Tokenizer.add_special_case raises KeyError
soldni opened this issue · comments
The usage example provided in the documentation for Tokenizer.add_special_case raises a KeyError
.
Steps to reproduce:
import spacy
from spacy.symbols import ORTH, LEMMA, POS
nlp = spacy.load('en')
nlp.tokenizer.add_special_case(u'gimme',
[
{
ORTH: u'gim',
LEMMA: u'give',
POS: u'VERB'},
{
ORTH: u'me' }])
# Traceback (most recent call last):
# File "test.py", line 13, in <module>
# ORTH: u'me' }])
# File "spacy/tokenizer.pyx", line 377, in spacy.tokenizer.Tokenizer.add_special_case (spacy/tokenizer.cpp:8460)
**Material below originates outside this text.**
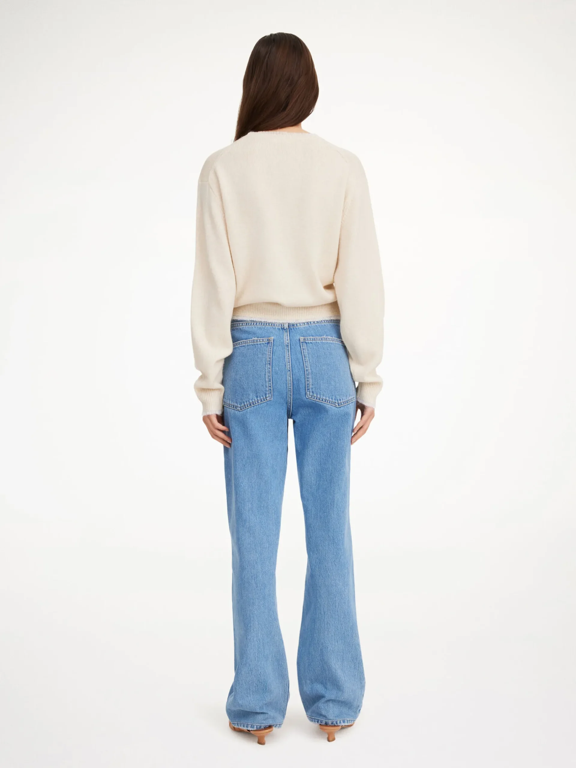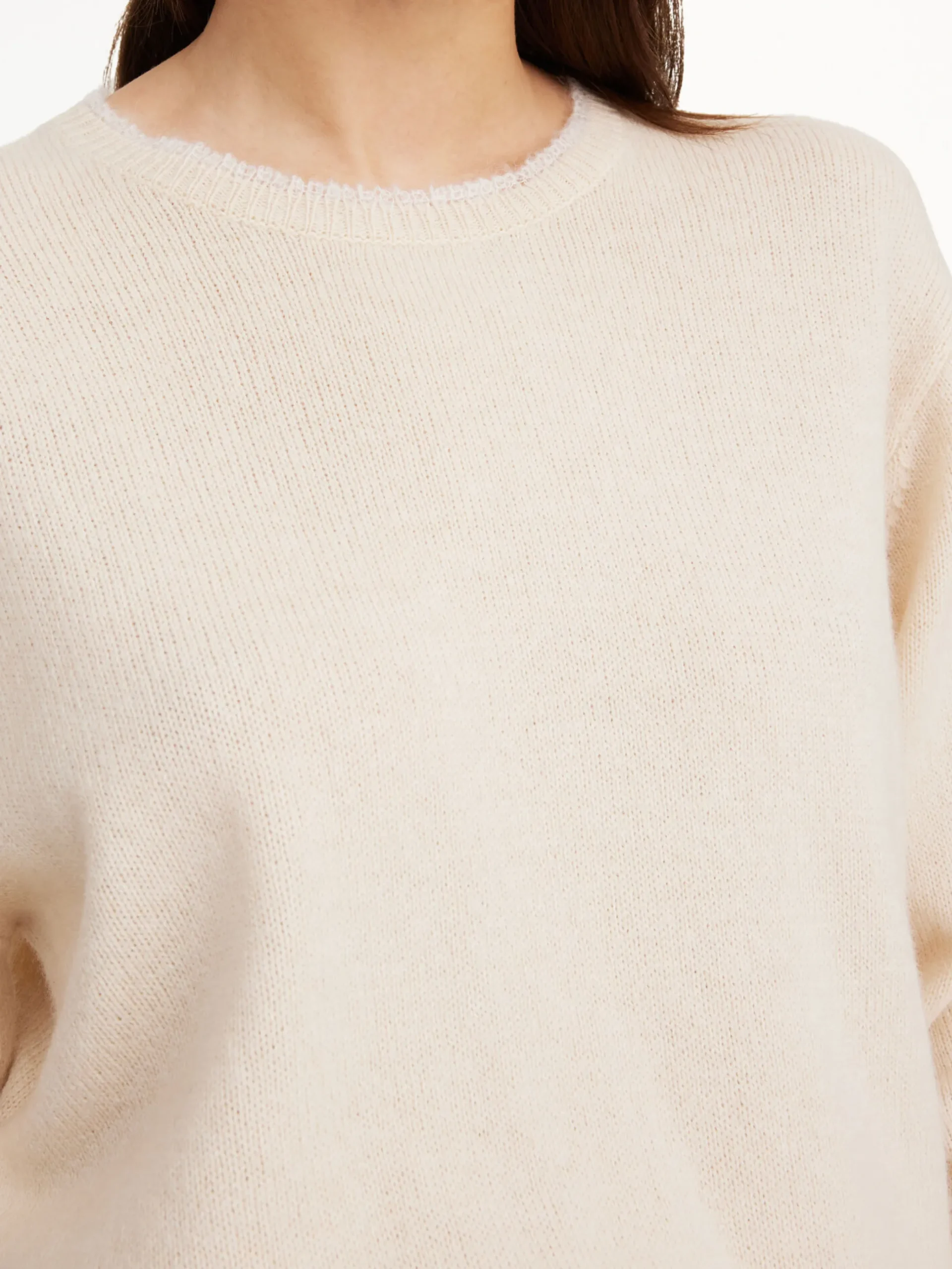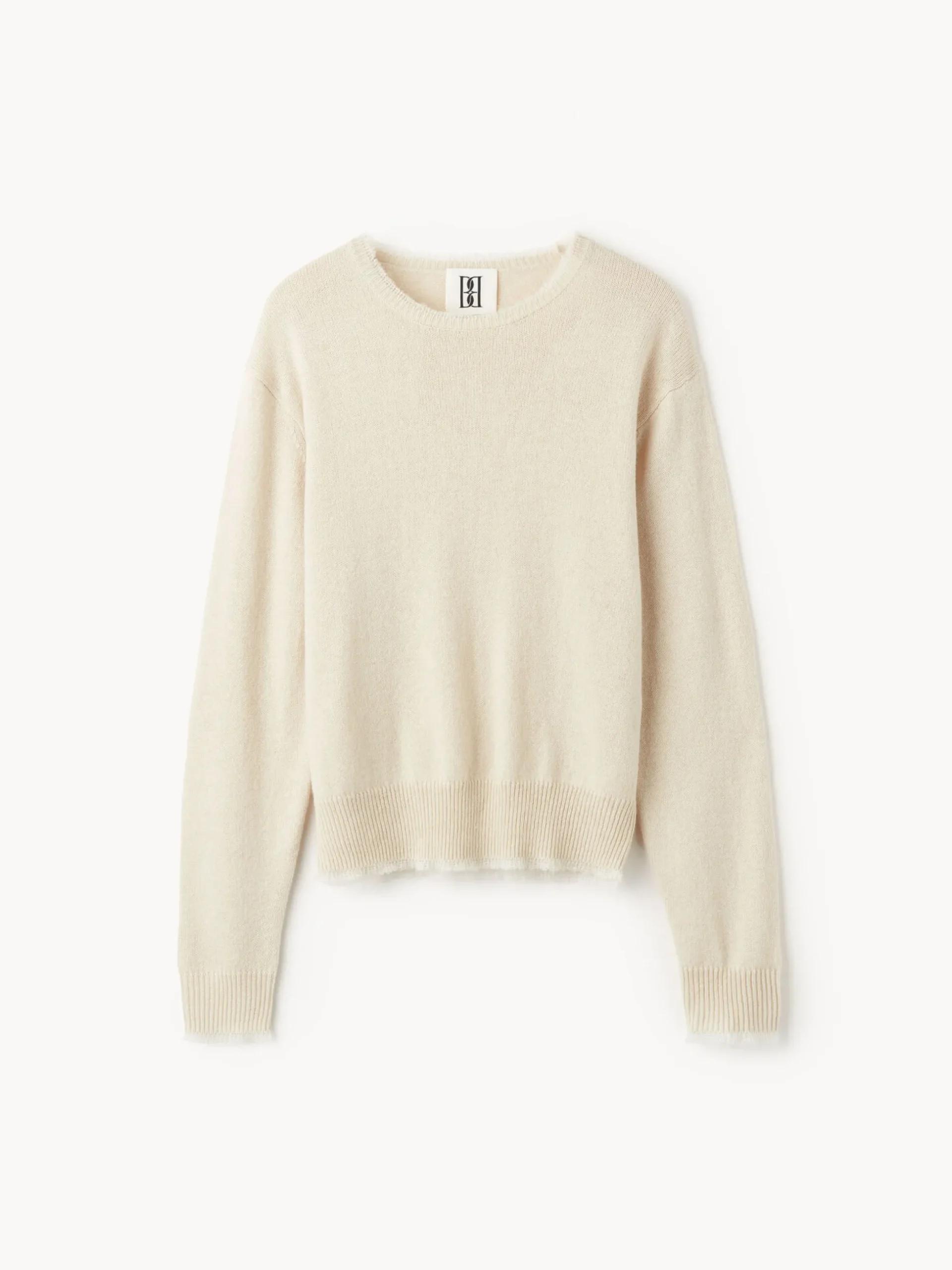 An effortless layering piece, the Mantea sweater is knitted from a soft merino blend. The design is shaped with rib trims, ruffled edges, and dropped shoulders. Ideal for the ever-changing weather.

# File "spacy/vocab.pyx", line 340, in spacy.vocab.Vocab.make_fused_token (spacy/vocab.cpp:7879)
# KeyError: 'F'
Environment
- Operating System: Ubuntu 16.04 / macOS 10.12.1
- Python Version Used: CPython 3.5.2
- spaCy Version Used: 1.2.0
- Environment Information: n/a
A bit of follow up: I was going through the definition for spacy.vocab.Vocab.make_fused_token
, and it seems that code expects ORTH
to be equal to 'F'
, POS
to be equal to 'pos'
, and LEMMA
to be equal to 'L'
; however, ORTH
equals 65
, POS
equals 74
, and LEMMA
equals 73
.
I am not sure if the values expected by make_fused_tokens
are intentionally different from those defined in spacy.symbols
.
EDIT: Even when replacing keys for token_attrs
argument as described above, I still encounter an error:
import spacy
nlp = spacy.load('en')
nlp.tokenizer.add_special_case('gimme',
[
{
'F': 'gim',
'L': 'give',
'pos': 'VERB'},
{
'F': 'me' }])
# Traceback (most recent call last):
# File "test.py", line 13, in <module>
# 'F': 'me' }])
# File "spacy/tokenizer.pyx", line 377, in spacy.tokenizer.Tokenizer.add_special_case (spacy/tokenizer.cpp:8460)
# File "spacy/vocab.pyx", line 342, in spacy.vocab.Vocab.make_fused_token (spacy/vocab.cpp:7907)
# File "spacy/morphology.pyx", line 39, in spacy.morphology.Morphology.assign_tag (spacy/morphology.cpp:3919)
# KeyError: 97
Thanks for this.
The docs have gotten ahead of the library here — the current/old behaviour is pretty inconsistent, so I wrote up the intended usage, but haven't had time to fix it yet. Will definitely have this resolved in the next release, which should be up this week.
This thread has been automatically locked since there has not been any recent activity after it was closed. Please open a new issue for related bugs.